Task directions | Each of the lines below must be restated exactly.
***** Given information *****
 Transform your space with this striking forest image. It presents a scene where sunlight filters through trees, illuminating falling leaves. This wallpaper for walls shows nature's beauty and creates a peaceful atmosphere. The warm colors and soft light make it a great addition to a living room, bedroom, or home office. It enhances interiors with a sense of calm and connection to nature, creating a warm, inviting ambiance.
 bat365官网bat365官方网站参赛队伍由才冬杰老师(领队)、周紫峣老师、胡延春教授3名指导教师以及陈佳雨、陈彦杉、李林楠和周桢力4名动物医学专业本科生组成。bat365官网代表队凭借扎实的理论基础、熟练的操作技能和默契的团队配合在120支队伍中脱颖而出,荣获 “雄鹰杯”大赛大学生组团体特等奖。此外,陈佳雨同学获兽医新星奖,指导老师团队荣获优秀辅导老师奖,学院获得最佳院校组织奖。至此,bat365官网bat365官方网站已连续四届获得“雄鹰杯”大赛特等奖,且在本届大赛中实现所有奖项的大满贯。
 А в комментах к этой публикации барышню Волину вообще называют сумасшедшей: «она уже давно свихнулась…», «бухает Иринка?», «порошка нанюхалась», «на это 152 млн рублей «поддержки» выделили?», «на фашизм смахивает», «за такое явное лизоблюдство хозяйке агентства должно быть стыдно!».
*****
Answer to this exercise |
 Transform your space with this striking forest image. It presents a scene where sunlight filters through trees, illuminating falling leaves. This wallpaper for walls shows nature's beauty and creates a peaceful atmosphere. The warm colors and soft light make it a great addition to a living room, bedroom, or home office. It enhances interiors with a sense of calm and connection to nature, creating a warm, inviting ambiance.
 bat365官网bat365官方网站参赛队伍由才冬杰老师(领队)、周紫峣老师、胡延春教授3名指导教师以及陈佳雨、陈彦杉、李林楠和周桢力4名动物医学专业本科生组成。bat365官网代表队凭借扎实的理论基础、熟练的操作技能和默契的团队配合在120支队伍中脱颖而出,荣获 “雄鹰杯”大赛大学生组团体特等奖。此外,陈佳雨同学获兽医新星奖,指导老师团队荣获优秀辅导老师奖,学院获得最佳院校组织奖。至此,bat365官网bat365官方网站已连续四届获得“雄鹰杯”大赛特等奖,且在本届大赛中实现所有奖项的大满贯。
 А в комментах к этой публикации барышню Волину вообще называют сумасшедшей: «она уже давно свихнулась…», «бухает Иринка?», «порошка нанюхалась», «на это 152 млн рублей «поддержки» выделили?», «на фашизм смахивает», «за такое явное лизоблюдство хозяйке агентства должно быть стыдно!».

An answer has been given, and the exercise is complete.